Authors and publishers of select Kindle e-books will soon be able to earn royalties as high as 70 percent of a title’s list price, net of delivery costs, under a new plan announced by Amazon on Wednesday.
The new option will be available starting June 30 for in-copyright Kindle books whose list price is both between US$2.99 and $9.99 and at least 20 percent below the lowest list price for the physical book, Amazon stipulates; at launch, it will also be available only for books sold within the United States.
“Today, authors often receive royalties in the range of 7 to 15 percent of the list price that publishers set for their physical books, or 25 percent of the net that publishers receive from retailers for their digital books,” explained Russ Grandinetti, vice president of Kindle Content.
Up From 35 Percent
The new 70 percent plan will provide an alternative for Kindle Digital Text Platform (DTP) authors and publishers, but it won’t replace Amazon’s current standard royalty percentage of 35 percent, which will still be an option. For authors backed by publishing companies, that percentage is typically shared.
Books from authors and publishers who choose the 70 percent royalty option will have access to all the same features and be subject to all the same requirements as books receiving the standard royalty rate, Amazon said.
Using the new royalty program, however, authors and publishers can earn more on every sale.
Given Amazon’s delivery cost of $0.15 per megabyte and the current median DTP e-book file size of 368KB, delivery costs amount to less than $0.06 per unit sold for an average e-book, Amazon said. For an $8.99 e-book, then, a self-publishing author would make about $3.15 under the standard option but $6.25 under the new 70 percent plan.
‘Amazon Feels Like an Underdog’
“This is clearly a preemptive strike against the Apple tablet,” Paul Gillin, blogger, podcaster and author of The New Influencers, told the E-Commerce Times.
Indeed, the announcement comes exactly a week before Apple is expected to unveil its forthcoming tablet device, which will likely compete head-on with Amazon’s Kindle and other e-readers.

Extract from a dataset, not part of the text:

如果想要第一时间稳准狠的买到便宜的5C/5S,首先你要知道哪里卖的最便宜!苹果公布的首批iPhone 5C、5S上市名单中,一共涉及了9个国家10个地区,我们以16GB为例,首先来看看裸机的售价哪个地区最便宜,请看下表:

Apple’s tablet, in fact, is one of several that are expected to be announced in the coming months; Freescale, for example, recently unveiled its own reference design.
Apple’s device will likely be integrated with iTunes, Gillin noted, giving Apple immediate access to “lots of authors and publishers who will want to go that way.”

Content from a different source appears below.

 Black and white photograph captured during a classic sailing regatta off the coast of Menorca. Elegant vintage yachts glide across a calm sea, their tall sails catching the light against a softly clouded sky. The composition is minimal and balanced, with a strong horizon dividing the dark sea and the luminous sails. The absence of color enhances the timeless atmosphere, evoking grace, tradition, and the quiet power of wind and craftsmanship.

Despite being three years ahead in the e-reader market, “Amazon feels like an underdog,” he said.
An ‘Ace in the Hole’
Amazon’s higher royalties on lower-priced e-books target smaller authors and publishers, which many consider to represent “the future of publishing,” Gillin noted.
The self-publishing arena, in fact, is one “ace in the hole” that Apple doesn’t yet have, so it makes sense Amazon is trying to “make nice” with such content producers.

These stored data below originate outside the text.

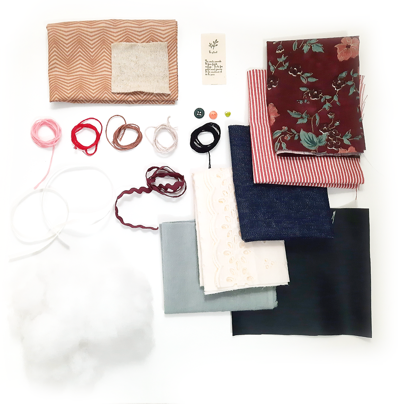 In this kit you will find all the materials necessary to make a bear and its complete wardrobe. Includes the pattern, fabric for his body, a piece of recycled wool sweater for his snout, stuffing and embroidery floss for his face, plus 5 assorted fabrics, faux leather, ribbon, fringe, buttons and embroidery floss to sew his clothes.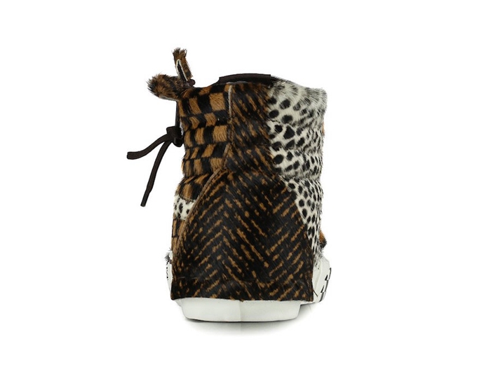 如今 Vans 在勇于创新的路上越走越远,今日一款全新配色的 Vans Vault SK8-HI 再次印证了这一点。 此次以 “剪切和粘贴” 为灵感,将豹纹、以及马毛妆点的棋盘格图案覆盖鞋面,在极具野性的外表下,凸显奢华质感。 除了大胆选用动物图案外,还有解构设计加持。前后下垂的动物图案材质、侧身的拉链以及中底橡胶贴片,都是典型的解构元素。 该鞋款将陆续登陆海外精选滑板店铺,感兴趣的朋友不妨多加留意。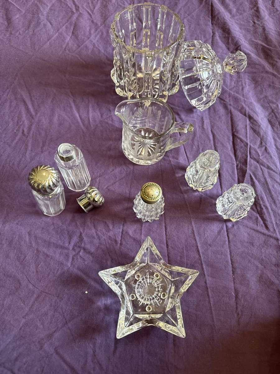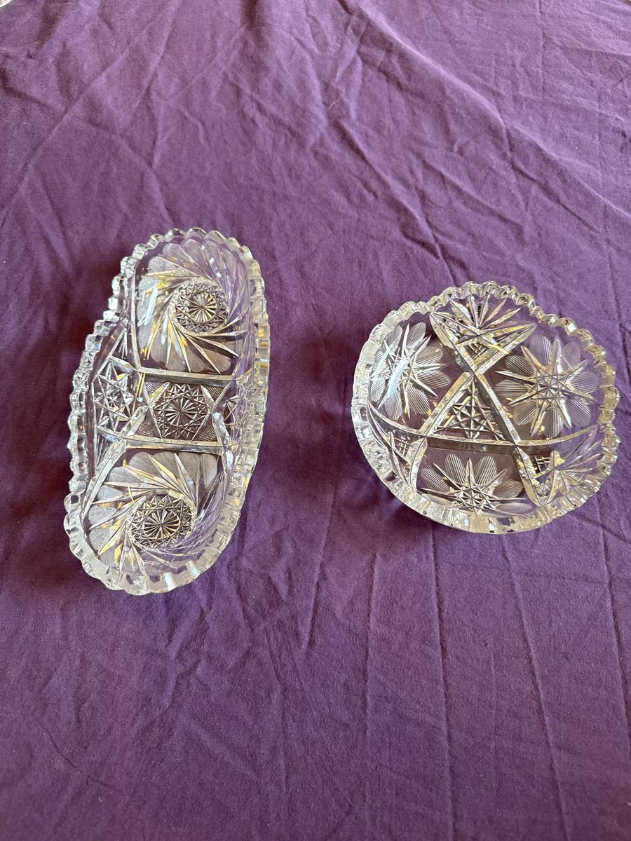 17 pieces of Lead Crystal or Cut Glass. Antique and vintage. $75 for the lot. Individual pieces by offer. Text with questions 801-450-0672. Rick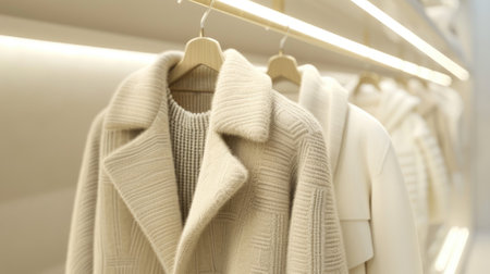 A sophisticated display of a white-beige coat and sweater on hangers in a high-end fashion store. These classic pieces showcase timeless elegance in women's fashion

Yet tablets will further legitimize self-publishing, so Amazon needs to make sure it is the “platform of choice for small publishers,” he concluded.
‘Amazon Wants to Be in Front’
Amazon is trying to “make sure it’s ahead of the curve before Apple gets involved,” agreed Kurt Scherf, vice president and principal analyst with Parks Associates.
This move “brings them more smaller publishers” and is likely an attempt to “lock in the ‘long tail’ of the content,” Scherf told the E-Commerce Times. “It’s a volume and scale issue, which of course Amazon already knows well.”
In the bigger picture, Amazon and others are “facing the challenge that Apple set the model for music and video” with its iTunes platform, he added. “They don’t want that to happen again.”
As new e-readers emerge, “clearly we will be looking at newspaper deals on these devices as well,” he pointed out.